Foto: Embaixada dos Povos

Belém recebeu nesta semana a visita do padre Júlio Lancellotti, conhecido nacionalmente por sua atuação junto à população em situação de rua. Durante dois dias de agendas, o religioso reuniu centenas de pessoas em momentos de oração, reflexão e escuta com movimentos sociais, colocando no centro do debate a luta por justiça social e climática na Amazônia.

Foto: Embaixada dos Povos

Na noite do dia 17, mais de 800 pessoas participaram da missa celebrada na Paróquia de Santo Antônio de Lisboa.

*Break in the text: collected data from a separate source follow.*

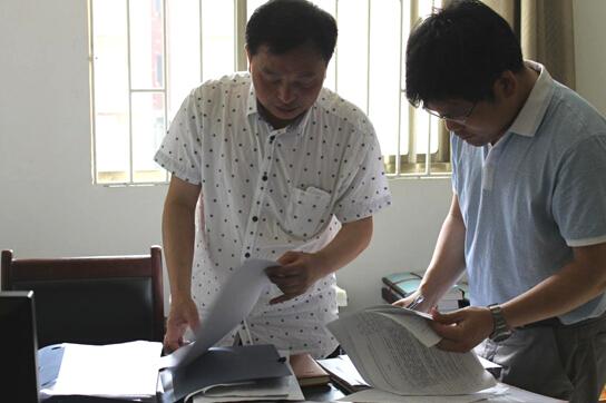 檢查小組查看聚仁·萬象都會(huì)項(xiàng)目資料整理情況
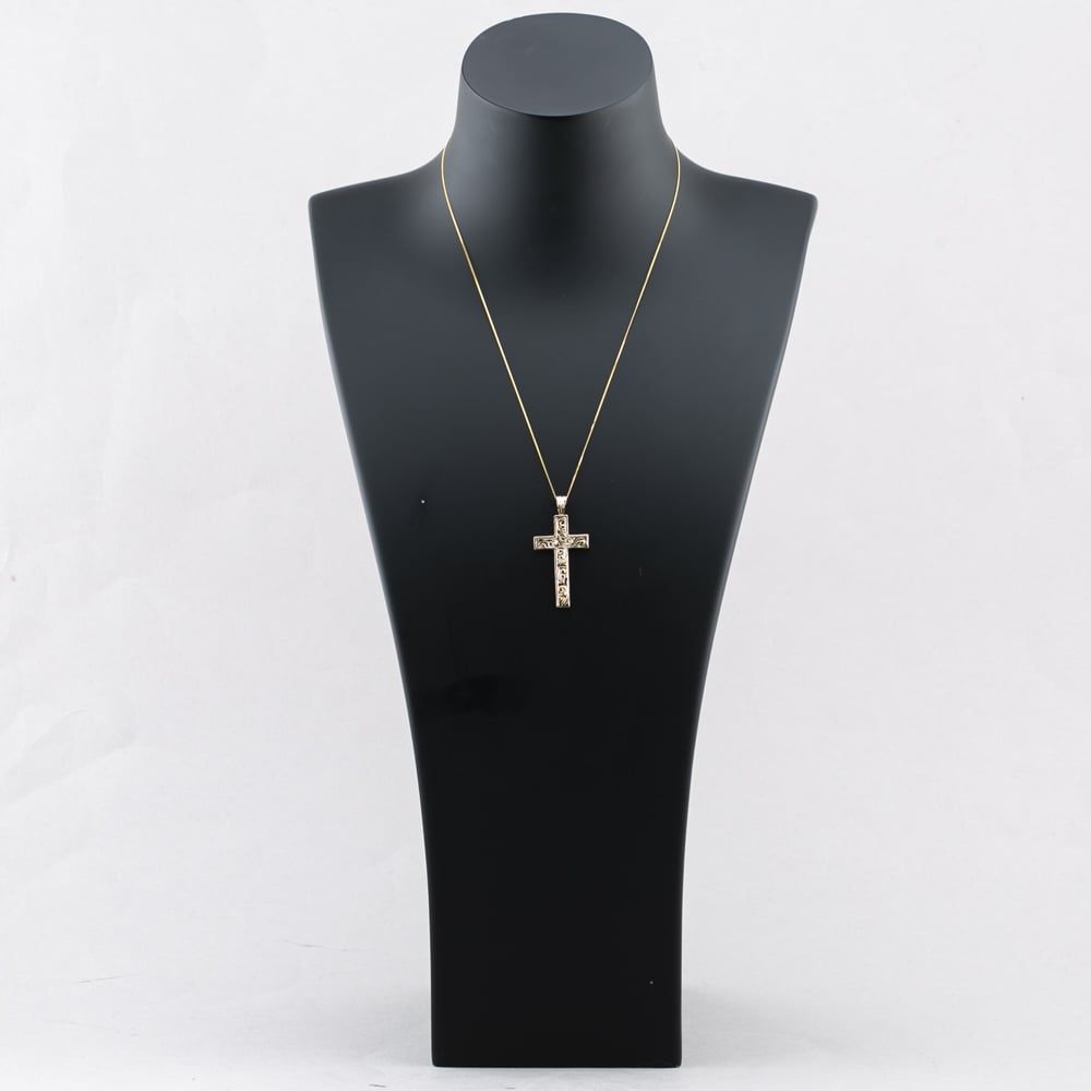 9ct Yellow Gold Scroll Engraved And Bark Textured Cross Pendant & 18 Inch Curb Chain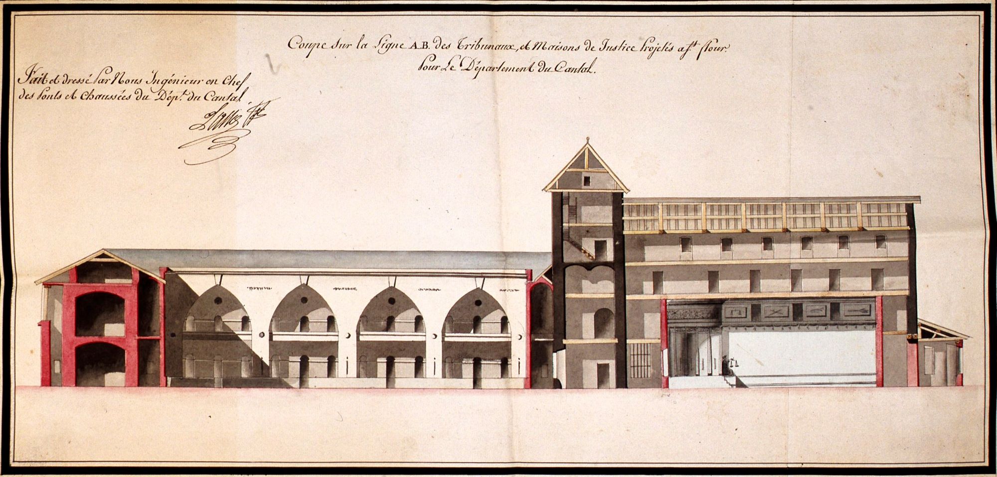 Coupe des tribunaux et maisons de justice projetés à Saint-Flour (an IV-an V)

Lancellotti entrou de braços dados com moradores de rua e, em sua homilia, destacou a responsabilidade do poder público no cuidado com os mais vulneráveis. “Os irmãos em situação de rua são numerosos nas ruas de Belém. Quem partilha com eles o pão? (…) Aos poderes públicos, à Prefeitura de Belém do Pará, que não feche a casa que atende o povo de rua”, afirmou. O padre também alertou para o impacto das mudanças climáticas sobre esse grupo, exposto ao calor extremo e às chuvas sem qualquer proteção.

No dia seguinte, 18, o religioso esteve na Embaixada dos Povos, onde uma multidão se reuniu para ouvi-lo. O encontro reforçou a necessidade de unir a luta em defesa da Amazônia à pauta social. Lancellotti lembrou que a exploração de petróleo e gás na região agrava desigualdades históricas e ameaça comunidades indígenas, ribeirinhas e quilombolas. “Se o irmão em situação de rua não tem acesso à água potável, todos nós estamos com sede”, disse, em referência à interdependência das lutas por dignidade e preservação ambiental.

A visita fez parte da campanha global Delimite (Draw the Line), que conecta mais de 250 ações em mais de 100 países para cobrar dos líderes mundiais compromissos concretos no enfrentamento da crise climática. No Brasil, a iniciativa conta com apoio de organizações amazônicas, coletivos urbanos e campanhas como “A Resposta Somos Nós”, que denuncia a contradição entre o discurso de liderança climática do governo Lula e a abertura da Foz do Amazonas para exploração de petróleo.

Ao lado de movimentos sociais locais, Padre Júlio defendeu uma transição justa, que considere os povos da floresta, comunidades tradicionais e populações marginalizadas. Sua presença em Belém foi marcada por palavras de esperança e resistência. “A resistência é não desistir, e não desanimar. E isso eu aprendi com vocês”, disse.

A passagem de Lancellotti pela capital paraense, a caminho da COP30, deixou uma mensagem clara: a luta climática está diretamente ligada à luta pela vida e pela dignidade humana.